Editorial Integrity
Dive Otter exists to make scuba diving clearer, safer, and grounded in reality. Every article aims to help divers understand what to do and why it matters. This page explains how Dive Otter maintains its standards: how ideas are formed, how information is verified, and how editing tools are used to keep communication clear.
Authorship & Experience
All Dive Otter articles are written by Tyler Allison, a working Divemaster and the founder of Dive Otter. Every piece reflects firsthand experience, direct observation, or verified fact. No ghostwriters or anonymous contributors. If guest authors appear in the future, their qualifications and role will be stated clearly.
Accuracy & Verification
Every statement must be observable, demonstrable, or traceable to a credible source. Technical topics such as gas planning, decompression concepts, and safety practices are checked against recognized training materials or verified field use. If an error is found, it is corrected publicly in the site changelog.
Editing Tools and Clarity
I have always been stronger at verbal communication than at written expression. Writing forces me to translate what is in my head into words that others can follow, and that takes deliberate editing. I have relied on editing tools since the 1980s, when I was writing school papers on a Tandy 1000, to help with spelling, grammar, flow, and readability. I still use them for the same reason: clear writing matters.

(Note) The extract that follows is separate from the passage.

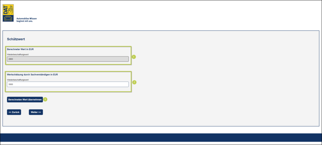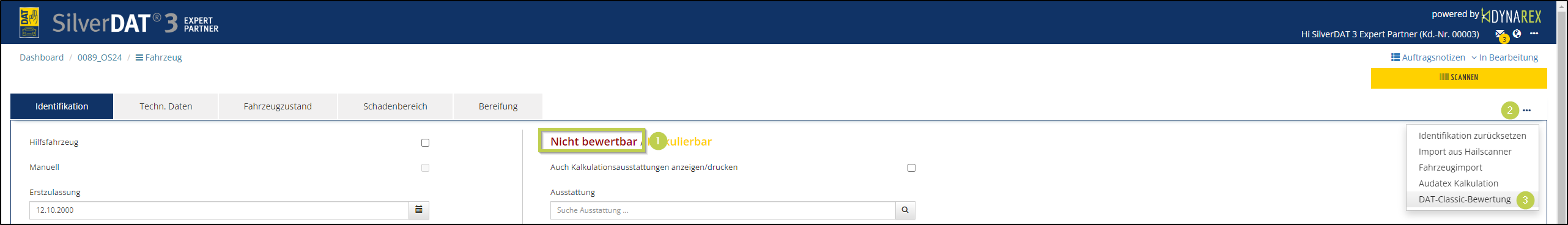 Liegen für das Fahrzeug keine DAT-Bewertungsdaten vor (1), können Sie über das 3-Punkte-Menü (2) auf die DAT-Classic-Bewertung umstellen (3).
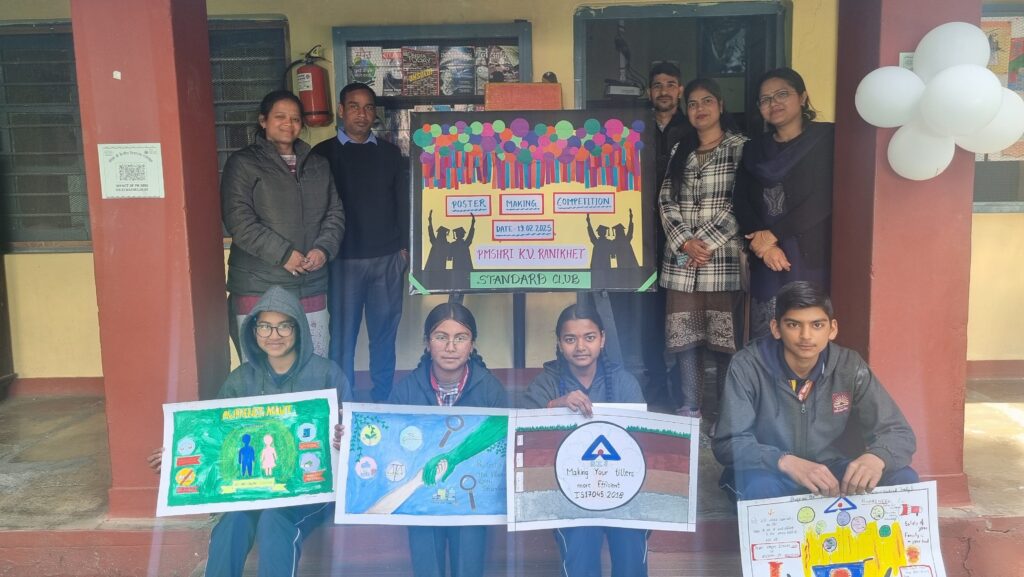 पी एम श्री केंद्रीय विद्यालय रानीखेत में ब्यूरो ऑफ इंडियन स्टैंडर्ड के तत्वाधान में मानक क्लब द्वारा poster making प्रतियोगिता का आयोजन किया गया। प्रतियोगिता का उद्घाटन मुख्य अतिथि प्राचार्य जवाहर नवोदय विद्यालय डी. एस. रावत द्वारा किया गया। सर्वप्रथम, विद्यालय के उप प्राचार्य हरि शंकर सैनी द्वारा मुख्य अतिथि व रिसोर्स person नीतिका बिष्ट अग्रवाल का हरित स्वागत किया गया। प्रतियोगिता में बौध्दिक सत्र का आयोजन किया गया ,

These tools assist with language, not meaning. They help me refine the words until they reflect the intent. Every idea, conclusion, and judgment on Dive Otter is mine.
Editorial Independence
Dive Otter does not accept payment or influence for product placement, training recommendations, or endorsements. Gear opinions, course views, and safety guidance are independent. If any financial relationship ever exists, it will be disclosed plainly.
Transparency and Revisions
The changelog records significant updates to published pages, including corrections, expansions, and removals. Readers deserve to see how ideas evolve and how accuracy is maintained over time.
Philosophy of Integrity
Reality is the standard. Words must mean what they say. Facts must survive scrutiny. Trust is earned through accuracy and honesty, not polish. Using tools to improve readability strengthens the message. Pretending not to need them would weaken it.